Liver fibrosis alters the molecular structures of hepatic glycogen

Liver fibrosis (LF) leads to liver failure and short survival. Liver glycogen is a hyperbranched glucose polymer, comprising individual beta particles, which can bind together to form aggregated alpha particles. Glycogen functionality depends on its molecular structure. This study compared the molecular structure of liver glycogen from both LF and healthy rats, and explored underlying mechanisms for observed differences. Glycogen from both groups contained alpha and beta particles; the LF group contained a higher proportion of beta particles, with the glycogen containing fewer long chains than seen in the control group. Both glycogen branching enzyme and glycogen phosphorylase showed a significant decrease of activity in the LF group. Transcriptomics and proteomics revealed a functional deficiency of mitochondria in the LF group, which may lead to changes in glycogen structure.
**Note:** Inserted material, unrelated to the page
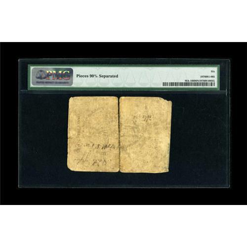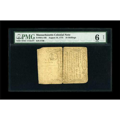 <B>Massachusetts August 18, 1775 10s PMG Good 6 Net.</B></I> The plates for both the face and back of this note were engraved by Paul Revere and printed in his shop. This is only the second one of these we have handled with the last occasion being over four years ago. The PMG label reads, "pieces 90% separated." This note is almost two separate pieces, but it is still popular and scarce enough to command. . .<BR><BR><b>Shipping:</b> Coins & Currency (<a target="_blank" href="http://www.heritageauctions.com/common/shipping.php">view shipping information</a>)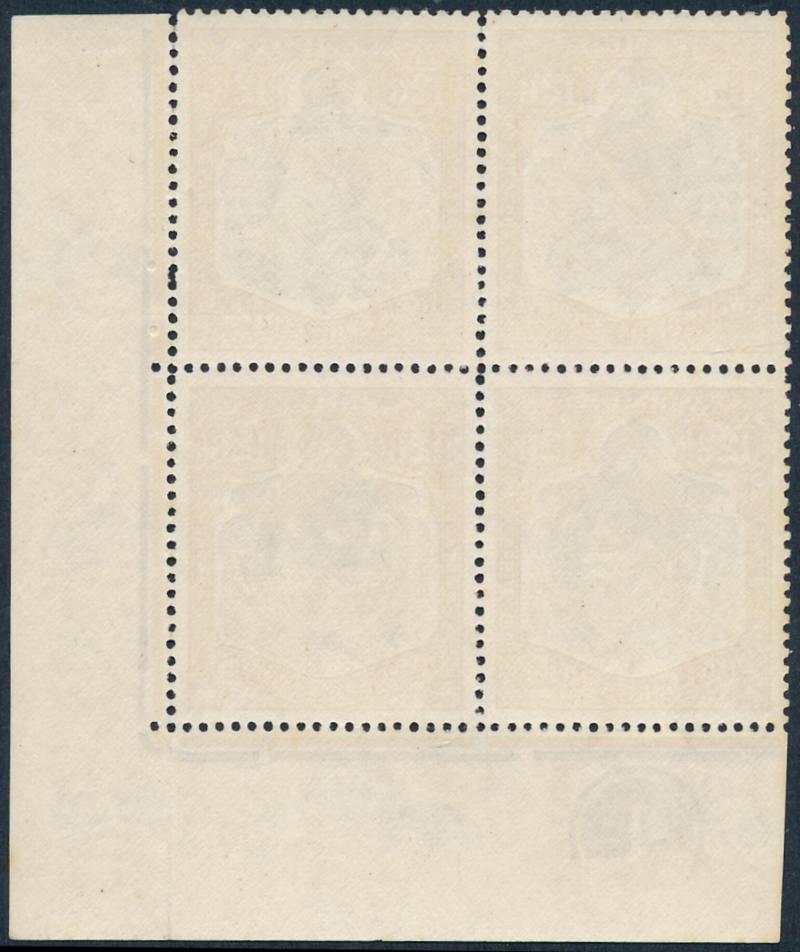1938-53 KGVI Keyplates 12/6d grey & pale orange Chalk-Surfaced Paper SG 120e block of 4 from the lower-right corner of the sheet

These results provide for the first time an understanding of how liver fibrosis affects liver glycogen metabolism and glycogen structure. Hypothesis: We hypothesized that the molecular structure of liver glycogen from a rat model of liver fibrosis would be altered compared to the control group.

Automated summary

This study compared the molecular structure of liver glycogen in both liver fibrosis and healthy rats, revealing that liver fibrosis results in an increase in beta particles and a decrease in long chains in liver glycogen. The activity of glycogen branching enzyme and glycogen phosphorylase also decreased in the liver fibrosis group. Transcriptomics and proteomics analysis showed a deficiency in mitochondrial function in the liver fibrosis group, which may contribute to the changes in glycogen structure.